Conservation et Restauration : quel avenir pour les forêts ?

Article du 21 mars 2023

#agroforesterie #impact #etude #investissement

1. Définition et historique

Commençons par une définition simple d’une forêt. C’est un écosystème, relativement étendu, constitué principalement d’un peuplement d’arbres, arbustes et arbrisseaux, ainsi que de l’ensemble des autres espèces qui lui sont associées et qui vivent en interaction au sein de ce milieu. Elle peut être naturelle ou plantée, primaire (intacte) ou exploitée de diverses manières par l’homme. Source Wikipédia. 

Le terme « forêt » est un concept qui n’a pas toujours désigné le même espace, et qui reste encore complexe à définir universellement. Dans la plupart des cas, le terme inclut l’utilisation qu’on en fait ou qu’on en tire. Un forestier appellera forêt une plantation d’arbre à vocation de production de pâte à papier qu’un environnementaliste ne considèrera pas comme une forêt. 

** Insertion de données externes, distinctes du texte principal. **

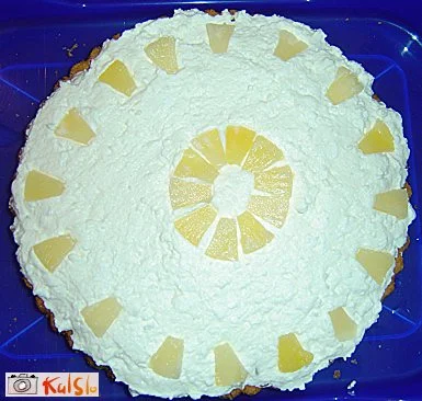 Oblat natopimo s sokom od ananasa in nadevamo s kremo med katero pomešamo ananas.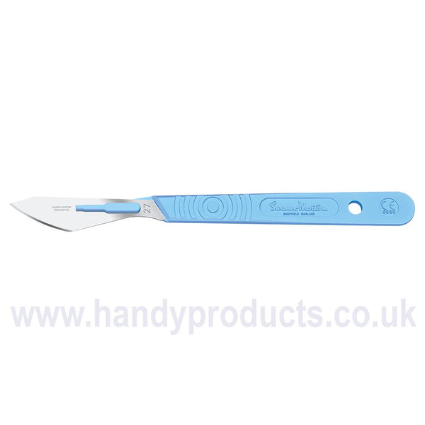 No 27 Disposable Scalpels sterile disposable scalpels, sealed individually in trays and boxed in units of 10, are fitted with The following blades: 6, 9, 10, 10A, 11, E/11, 11P, 12, 12D, 14, 15, 15A, 15C, 15T, 16, 18, 19, 20, 21, 22, 22A, 23, 24 and 36. The latest model carries a graduated measure on The reverse of The handle (for indication only) to mirror our range of metal stainless handles and is marked with The CE symbol which previously only appeared on The outer product packaging. The sterile scalpels are individually packaged into a new transparent Thermo formed tray providing improved product visibility and developed to assist in safe passing techniques. When peeling The packet The seal changes colour thus indicating if The integrity of The packet has been breached and assuring The user of sterility up to The point of usage.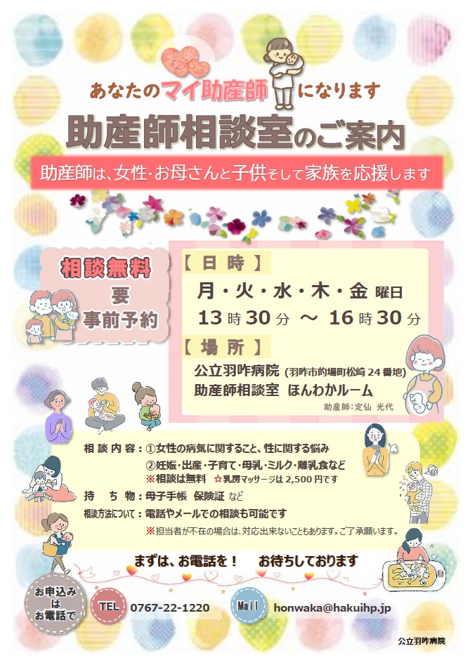 2026年1月より、助産師相談室の相談日を下記のように拡大しました。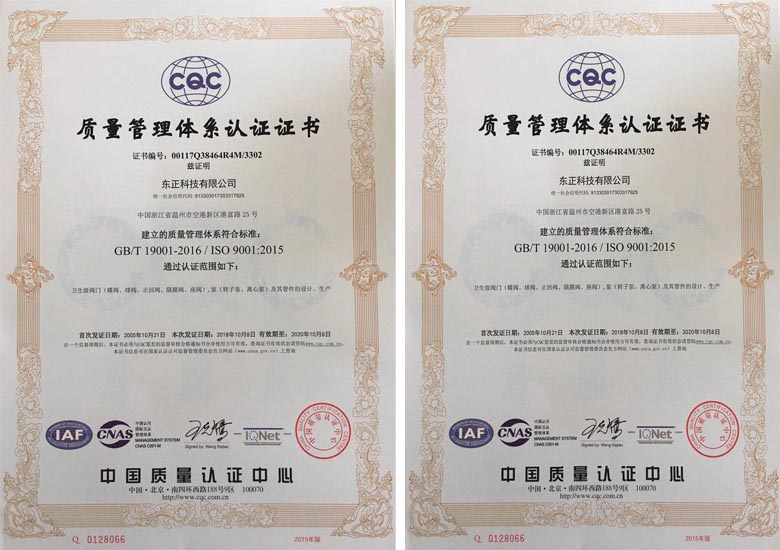 由中國質(zhì)量認證中心 CQC 實施的 ISO9001 質(zhì)量管理體系,且獲得通過;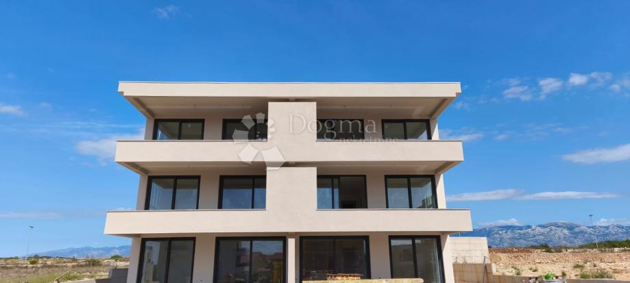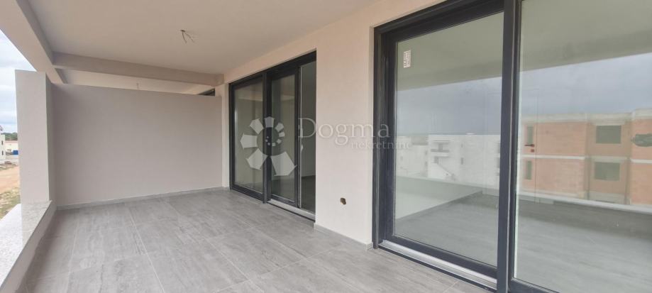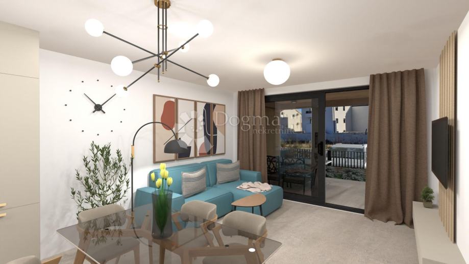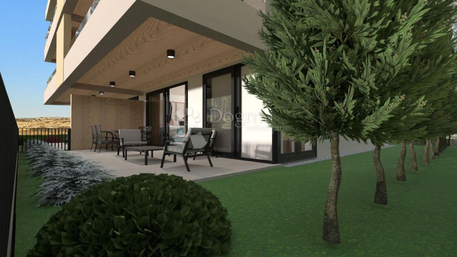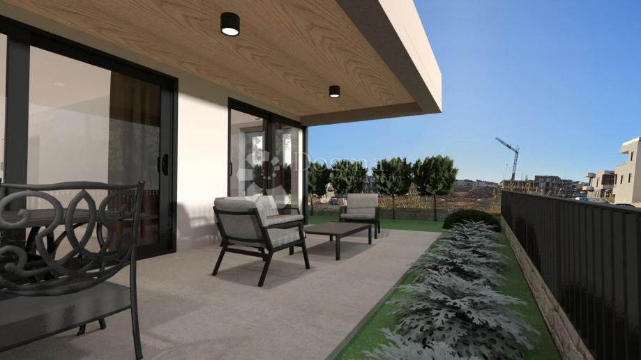 Na prodaju je moderno dizajniran stan na prvom katu u zgradi s ukupno 6 stanova, vrhunske kvalitete gradnje. Sastoji se od hodnika, WC-a, dvije spavaće sobe (jedna s izlazom na veliku terasu), kupaonice i prostranog dnevnog boravka s kuhinjom i blagovaonicom, koji također ima izlaz na terasu od 18.74 m² kroz kliznu staklenu stijenu. Stanu pripada i jedno osigurano parkirno mjesto.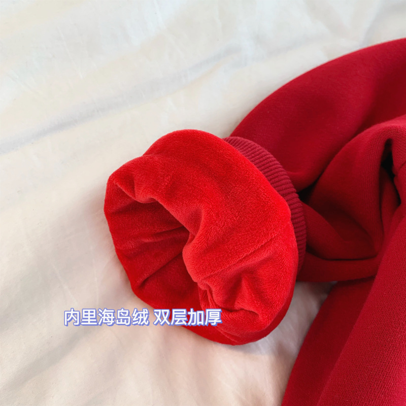 2025 년 신년복 남성복 가을과 겨울 어린이 기모 착용 타이드 붉은 새해 축제 뱀의 평화와 기쁨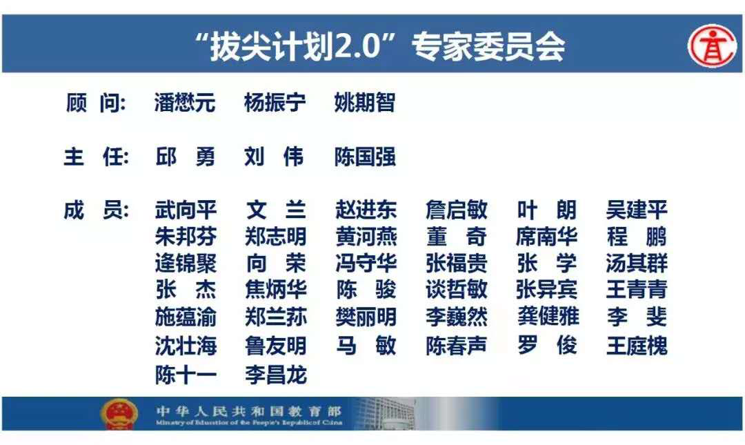 基础学科拔尖学生培养计划2.0专家委员会由我国高等教育学界泰斗、厦门大学潘懋元教授,诺贝尔物理学奖获得者、清华大学杨振宁教授,计算机科学最高奖图灵奖获得者、清华大学姚期智教授担任顾问。清华大学校长邱勇、中国人民大学校长刘伟、上海交通大学医学院院长陈国强担任委员会主任。中科院武向平院士,北京大学文兰教授,中山大学罗俊教授、陈春声教授、王庭槐教授等38位资深专家学者入选基础学科拔尖学生培养计划2.0专家委员会成员。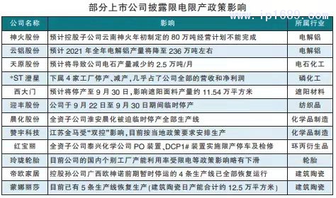 此外,限電風(fēng)暴下,多家上市企業(yè)如浙江迎豐科技、宜賓天原集團(tuán)等甚至因無法生產(chǎn)而公告停產(chǎn),足見其影響頗深。

Historiquement, l’école allemande, utilitariste, a imprégné 3 siècles de gestion « moderne » des forêts : la forêt doit fournir du bois d’œuvre (construction) et du bois d’énergie (feu, chaleur). Beaucoup plus récemment à l’échelle du changement des consciences, les évolutions sont basées sur des valeurs plus intrinsèques notamment la valeur de la biodiversité qu’héberge la forêt ; et construite dans une opposition avec l’usage humain, ou encore des valeurs utilitaristes. Néanmoins, dans un sens plus large la forêt produit des services écosystémiques qu’il importe de restaurer/maintenir/accroitre, et avec une vision plus globale où la place des êtres humains est centrale. Entre reforestation et conservation, tour d’horizons sur les bonnes pratiques pour préserver les forêts d’aujourd’hui et de demain.L

2. Les enjeux importants d’une forêt en disparition

Bien qu’il s’agisse simplement d’une définition, la forêt dans son sens le plus récent, c’est-à-dire l’écosystème forestier incluant la faune et la flore ainsi que les services écosystémiques qui lui sont attachés intrinsèquement, a de multiples actions positives :

  • Premièrement, il s’agit d’un puit de carbone extrêmement efficace,
  • Ensuite les espaces forestiers permettent de réguler les sinistres climatiques, sècheresses et inondations notamment par la filtration et la rétention de l’eau dans les sols.
  • De plus l’écosystème étant complexe, il est très résilient grâce la biodiversité qui y vit (faune comme flore d’ailleurs), et permet de regénérer les sols par eux-mêmes.
  • Enfin, lié directement à cette richesse de biodiversité, la forêt représente pour l’homme un espace de collecte très intéressant. Par exemple, plus de 50% des médicaments de la médecine traditionnelle dont dépendent plus de 80% des populations dans les pays en voie de développement sont trouvés directement en forêt. Et ¼ des produits de la médecine moderne proviennent aussi d’espaces forestiers.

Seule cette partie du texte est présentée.